Friday, August 26, 2011

Is Scala worthy of your trust?

The Scala language offers significant improvements over the Java language with traits, higher order functions and type inference among other powerful features. At the same time, Scala still allows for seamless import and use of existing classes written in Java. You can migrate to Scala piecemeal, for example in your test classes at first and then migrate larger and larger chunks of code.

However, there is one aspect to the Scala language which I find deeply annoying. Scala keeps breaking binary compatibility with every new release. In spite of previous promises, compatibility was broken in release 2.7, broken again in release 2.8 and broken yet again in 2.9. As I understand it, Scala language designers are forced to breaking compatibility whenever Scala library traits change in an incompatible way.
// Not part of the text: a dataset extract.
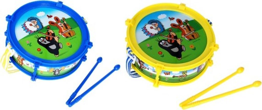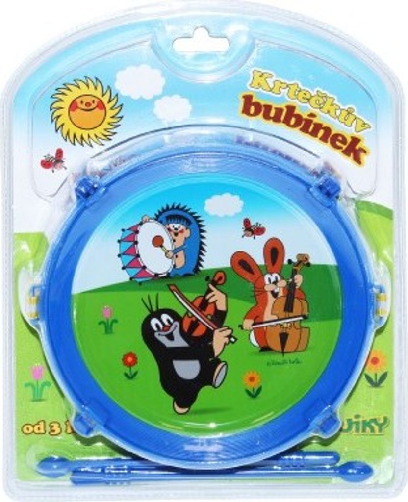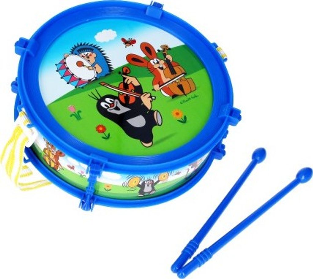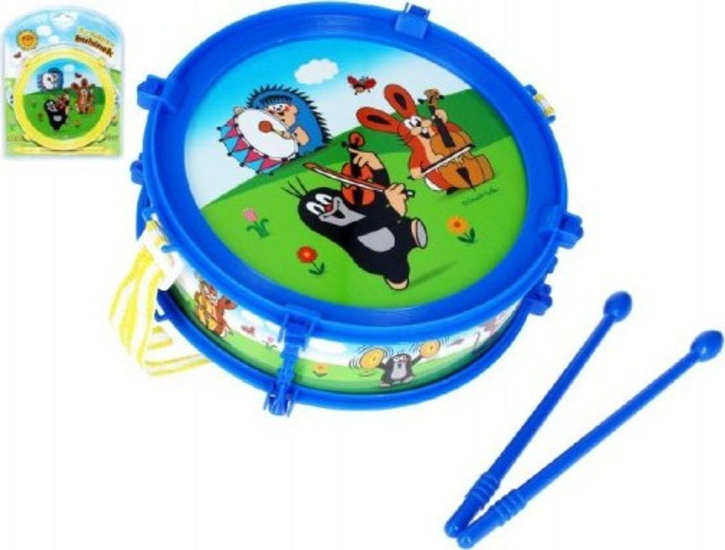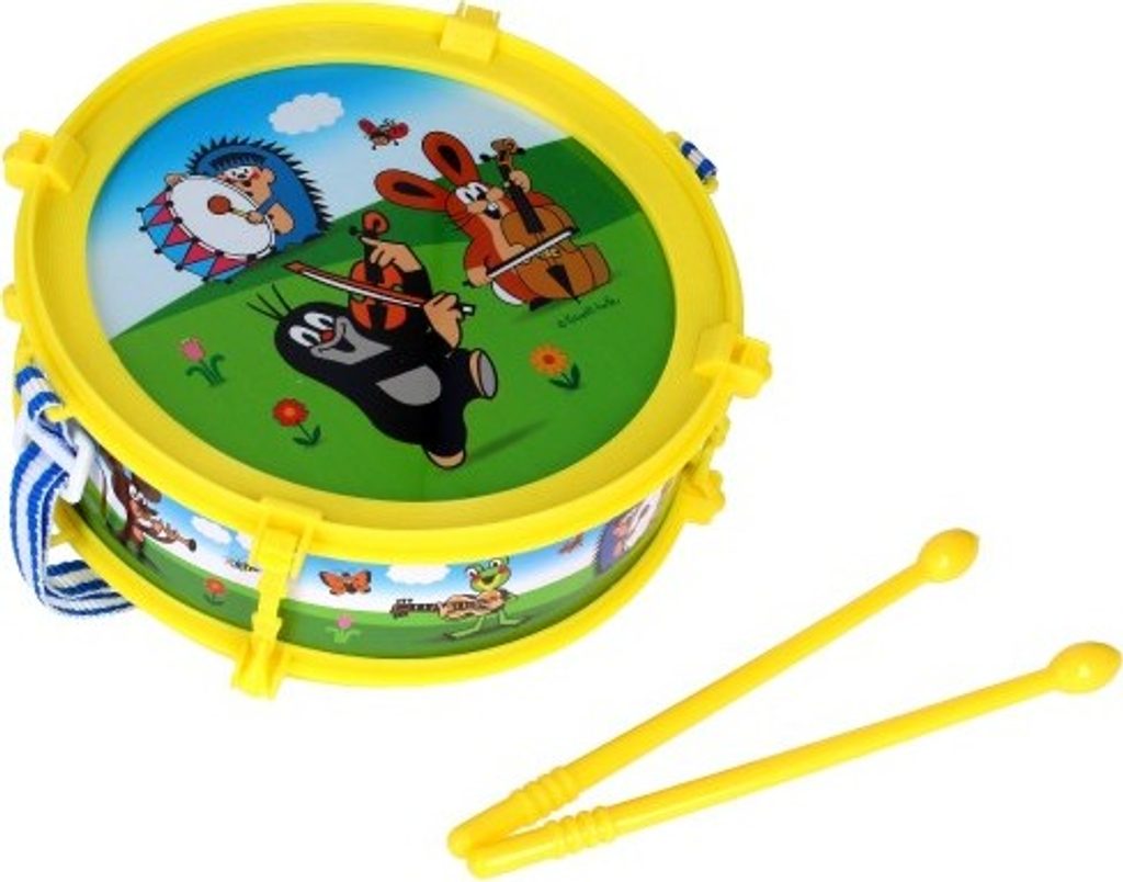 Bubínek pro malé bubeníčky s motivem oblíbených dětských hrdinů Krtečka a kamarádů. Nejjednodušší hudební nástroj, jehož ovládání zvládne každé dítě. I ty menší. Stačí vzít paličky do rukou a začít bubnovat na dětský bubínek. Tento bubínek je s popruhem.

When a binary breakage occurs at the language level, the whole ecosystem for the language has to align itself with the new release. This is an extremely painful process affecting all users of the language. Even if a user does not want to upgrade to the latest and greatest Scala release, as long as a single tool, say T, in the tool-chain of the user upgrades and the user upgrades to the new version of T, then kaboom! All other project dependencies need to be upgraded as well.

If you decide to upgrade to the newest version of Scala in your project, you will also need to update every single dependency in your project (written in Scala). If you are lucky and every single dependency has made a release for the latest version of Scala, your project will build fine after the update. Otherwise, if a single dependency has not made the required release, you are left with two relatively unpleasant choices. You can either revert to the previous version of Scala or remove the non-compliant dependency.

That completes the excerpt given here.